September 14th, 2024

Valkey achieved one million RPS 6 months after forking from Redis

Valkey 8.0 RC2 achieves over 1.19 million requests per second through advanced memory access techniques, including speculative execution and interleaving, with a guide for performance reproduction on AWS EC2.

Read original articleLink Icon
Valkey achieved one million RPS 6 months after forking from Redis

Valkey has introduced significant performance enhancements in its latest version, achieving over 1.19 million requests per second (RPS) through advanced memory access techniques. The blog details how the team offloaded I/O operations to dedicated threads, allowing the main thread to focus on command execution. Profiling revealed that the main thread spent considerable time waiting for external memory access, prompting the implementation of speculative execution and memory access amortization techniques. By interleaving memory access operations, Valkey improved the efficiency of linked list traversals and dictionary lookups, reducing memory access latency. The new approach allows the processor to issue multiple memory accesses in parallel, significantly speeding up operations. For instance, a new interleaved function for summing linked list values reduced execution time from 20.8 seconds to under 2 seconds. Additionally, prefetching memory addresses further optimized performance. The blog also provides a guide for reproducing these performance results on an AWS EC2 instance, detailing hardware setup, server configuration, and benchmark parameters. Valkey 8.0 RC2 is now available for evaluation, showcasing the impact of these optimizations on overall system performance.

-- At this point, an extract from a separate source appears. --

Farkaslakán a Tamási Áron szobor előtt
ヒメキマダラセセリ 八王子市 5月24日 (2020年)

- Valkey 8.0 achieves over 1.19 million requests per second.

- Speculative execution and memory access amortization techniques enhance performance.

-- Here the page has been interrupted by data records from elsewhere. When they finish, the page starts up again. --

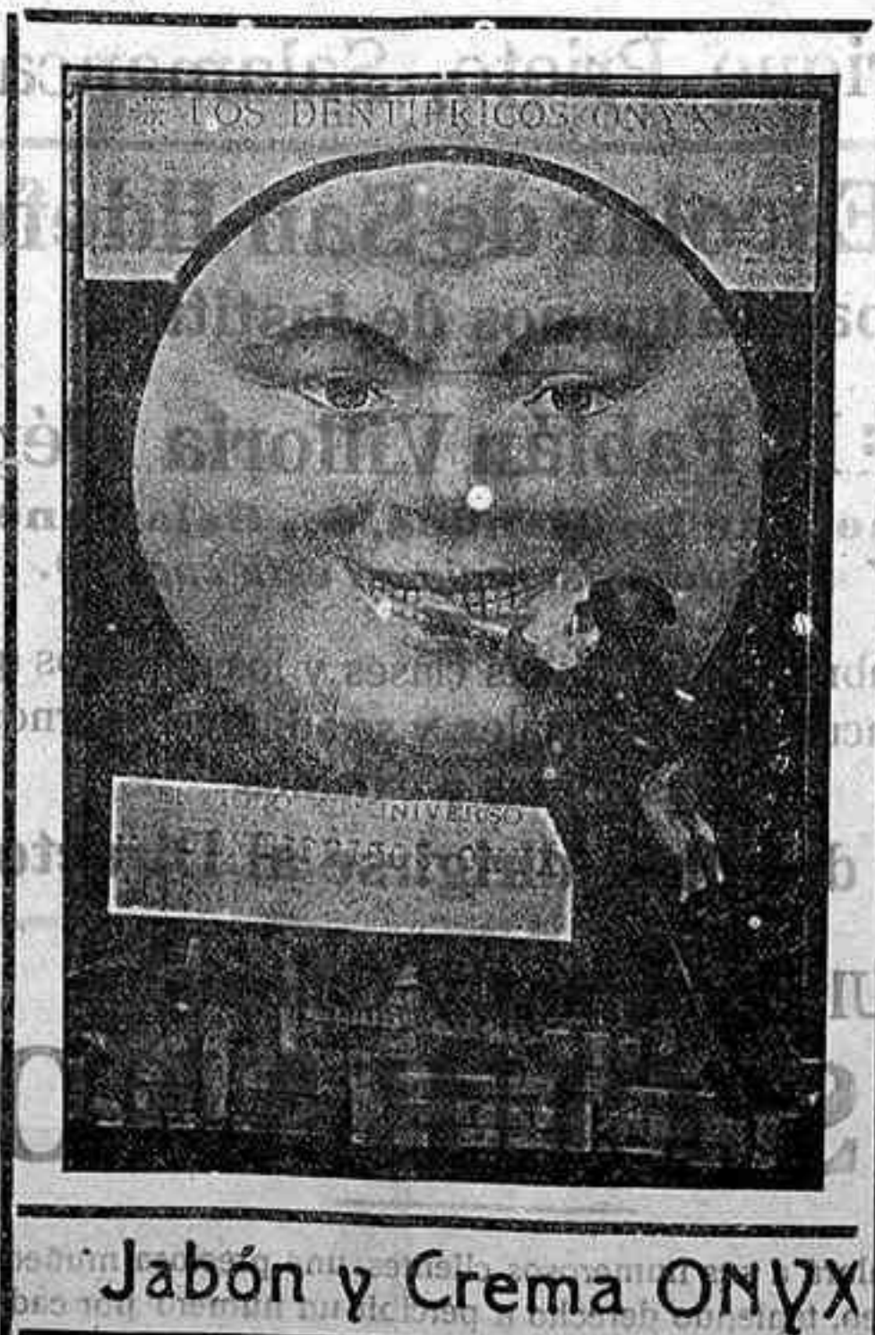
Jabón y Crema ONYX

¿Hay algo más desagradable y nocivo que una boca descuidada?
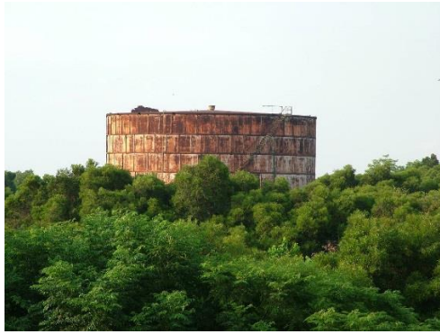
圖 3-4 大楊油庫現況圖
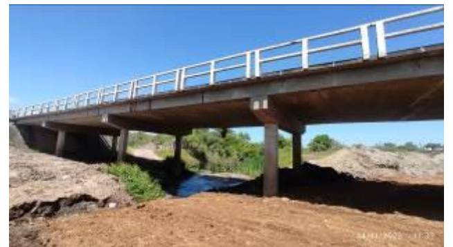
Foto 12.12-1 Puente Cañada Chávez.
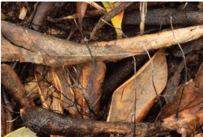
Figura 7. Xylaria sicula

CADIZ: Grazalema, puerto del Pinar, 30STF8372 (Moreno-Arroyo 2004).
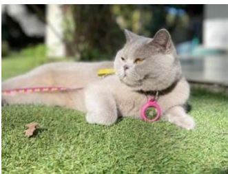
N° : 126 : POUPSY DE BRITAFOLIE

Best of Best : n° 9 SH : - AVICII VOM BLAUEN SAPHIR

- Interleaving memory access operations reduces latency significantly.

- A guide is provided for reproducing performance results on AWS EC2.

- Valkey 8.0 RC2 is available for evaluation with new optimizations.

Link Icon 10 comments
By @nonane - 2 months
One thing the article doesn’t mention is how they figured out that waiting for external memory access is the bottleneck. Are there any profiling tools available that would tell the developer that the cpu is waiting for external memory x% of the time?
By @MobiusHorizons - 2 months
This is really cool work! I am surprised to see this level of tuning without using cache profiling or other performance counters to identify the bottleneck and quantify the improvement.
By @secondcoming - 2 months
Redis' biggest flaw is its single threaded design. We end up having to run separate redis processes on each core and have client side sharding. We're lucky that our data allows this.

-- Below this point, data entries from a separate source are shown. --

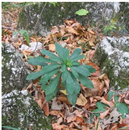
A képen: babér boroszlán a Boroszlán-tanösvényen, 2008 novemberében.

A Százhalom temetője az i.e. 12. században volt használatban, ez a bakonyi késő bronzkori kultúra fénykora. [...]
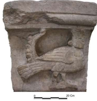
Görsel 31. Konya Kalesi'nde bulunan ve İnce Minare Taş ve Ahşap Eserler Müzesi'nde sergilenen 886 envanter numaralı siren. (Özdemir, 2021, s. 127).

Karatay Medresesi Çini Eserler Müzesi'ndeki siren/harpi tasviriyle benzer bir örnek, (Görsel 31) Konya Kalesi'nde bulunan ve İnce Minare Taş ve Ahşap Eserler Müzesi'nde sergilenen 886 envanter numaralı siren/harpi figürlü levhada görülmektedir. Bu levha, bir kemerin kilit taşı olduğu düşünülen 56x60 cm ölçülerindedir. Yüksek kabartma tekniğiyle işlenmiş olan levhanın cephesinde, siren/harpi figürü bulunur. Figürün gövdesi, başı ve ayakları profilden verilmiş olup, kıvrımlı saçlar, iri badem gözler, küçük burun ve küçük ağız gibi detaylarla betimlenmiştir. Kanat ayrıntıları çizgisel olarak tasvir edilmiş olup, gövdeden yukarıya doğru uzanarak, volüt şeklinde sonlanan ikinci bir kanadı da mevcuttur. Ayaklar ve pençeler ise kabaca işlenmiştir. (Özdemir, 2021, s. 127.).
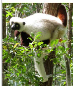
Livret documentaire et conte/sketch + affiches. Sur la destruction de la forêt primaire, des lémuriers...
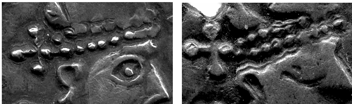
Рис. 2а,б. Крест за короной правителя
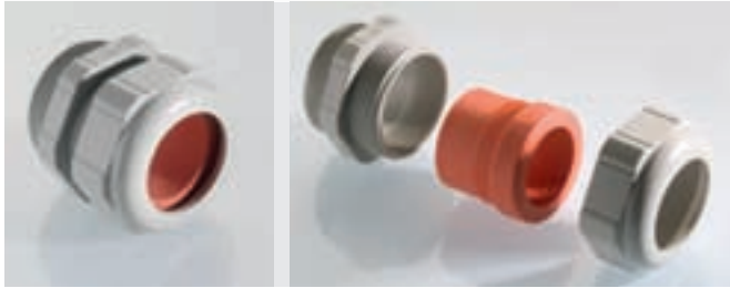
Abb. 1 Fig. 1
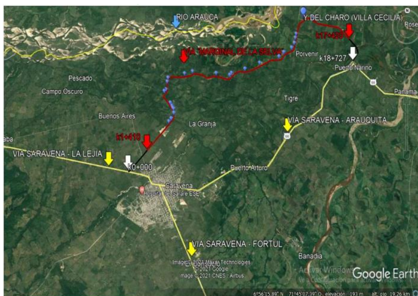
Imagen 2. Localización general de la zona de trabajo.

La ejecución del proyecto se localiza en el área Rural del municipio de Saravena. El Tramo de Vía Terciaria a intervenir, tiene como Punto de Inicio en el K1+410 hasta el Punto Final de la Intervención en el K17+420 (de la Vía Terciaria denominada "La Marginal de la Selva").
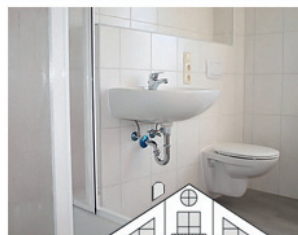
Christiane Bartz Immobilien
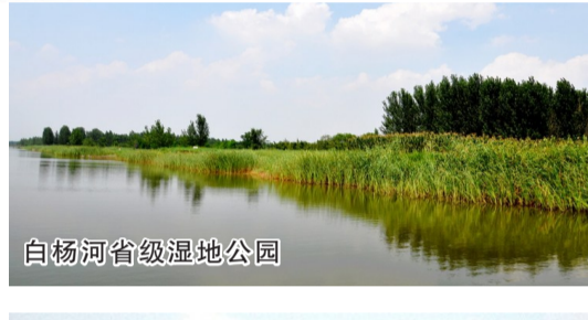
白杨河省级湿地公园
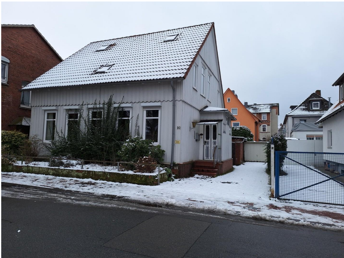
Außenansicht mit Garage
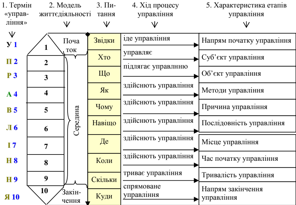
Рис. 1. Фундаментальна модель творчого управління соціальними процесами [3]
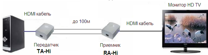
Рис.3 Схема подключения передатчика TA-Hi и приемника RA-Hi
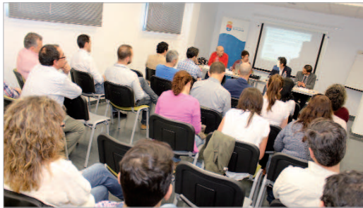
Los empresarios conocieron los trámites para contratar con la Administración.

Los asistentes fueron asesorados por un técnico de la Administración local que explicó los procedimientos de licitación públicos

We experiment with KeyDB too but I'm not sure what state that project is in.

By @PeterZaitsev - 2 months
Great to see Valkey team is making a progress well beyond keeping old Redis version Security Patched.
By @jacobgorm - 2 months
Who in their right mind uses linked lists for a database style workload? Try doing this with arrays to get a reasonable baseline.
By @throwaway81523 - 2 months
Nice, how does that compare with Pedis, which was written in C++ several years ago? It's an incomplete Redis lookalike that isn't getting current development, but it uses Seastar, the same parallelism framework as ScyllaDB.

https://github.com/fastio/1store

By @tayo42 - 2 months
The interleave thing isnt intuitive to me.

The problem with linked lists is the memory address of nodes isn't necessarily contiguous because of malloc and the value could be NULL? Why does interleave loop make it faster for the cpu? It still a linked list, arbitrary memory, could be NULL? Not sure what im missing here?